In light of the results, we can now safely train our classifier with a larger number of components (say, $k=80$) by setting $C=1$ to avoid overfitting.

---

#### Activity 6.

* Retrain your PCA model with $k=80$ components---now using all your training data;
* Retrain the logistic regression model;
* Compute the performance of the resulting model in the test data (don't forget to transform the test data).

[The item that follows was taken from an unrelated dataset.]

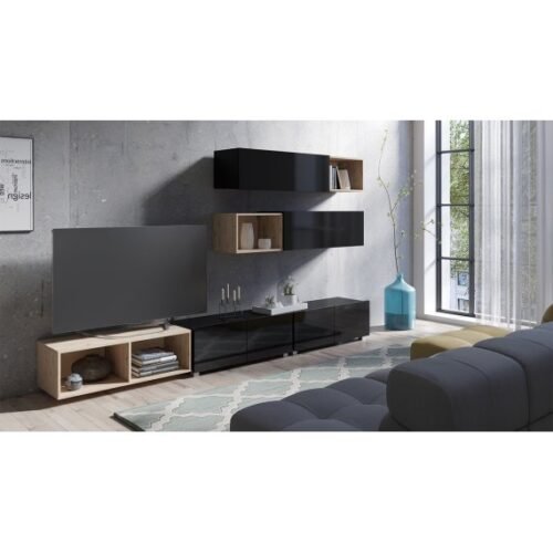 - מזנון טלוויזיה / תא הינם אלמנט אוניברסלי – עומד (רגלי כסף 5 ס”מ) או תלוי לבחירה

In particular, compute both the accuracy score and print the confusion matrix (which you can access from `sklearn.metrics`). Comment the obtained results in face of Activities 3-5.

---

In [9]:

def activity_6(xtrain, xtest, ytrain, ytest, h, w, k, n_classes, target_names):
    """
    Plot the somethinf
    :param xtrain: training data set
    :param xtest: test data set
    :param ytrain: training data set
    :param ytest: test data set
    :param h: pixel
    :param w: pixel
    :param k: component
    :param n_classes: classes
    :param target_names: names
    """
    eigenfaces, x_train_pca, x_test_pca = compute_pca(xtrain, xtest, h, w, k)
    ytrain_predicted, ytest_predicted = compute_lr(x_train_pca, ytrain, x_test_pca, 1)
    # accuracy_train = accuracy_score(ytrain, ytrain_predicted)
    accuracy_test = accuracy_score(ytest, ytest_predicted)
    # print("accuracy train all: {}\n".format(accuracy_train))
    print("accuracy val all: {}\n".format(accuracy_test))
    cr = classification_report(ytest, ytest_predicted)
    print(cr)
    cm = confusion_matrix(ytest, ytest_predicted, labels=range(n_classes))
    print(cm)
    fig = plt.figure()
    ax = fig.add_subplot(111)
    cax = ax.matshow(cm)
    # plt.title('Confusion matrix of the classifier')
    fig.colorbar(cax)
    ax.set_xticks(np.arange(n_classes))
    ax.set_yticks(np.arange(n_classes))
    ax.set_xticklabels(target_names, rotation=90, fontsize=8)
    ax.set_yticklabels(target_names, rotation=0, fontsize=8)
    plt.xlabel('Predicted')
    plt.ylabel('True')
    plt.show()
    print(target_names)
    
    
activity_6(xtrain, xtest, ytrain, ytest, h, w, 80, n_classes, target_names)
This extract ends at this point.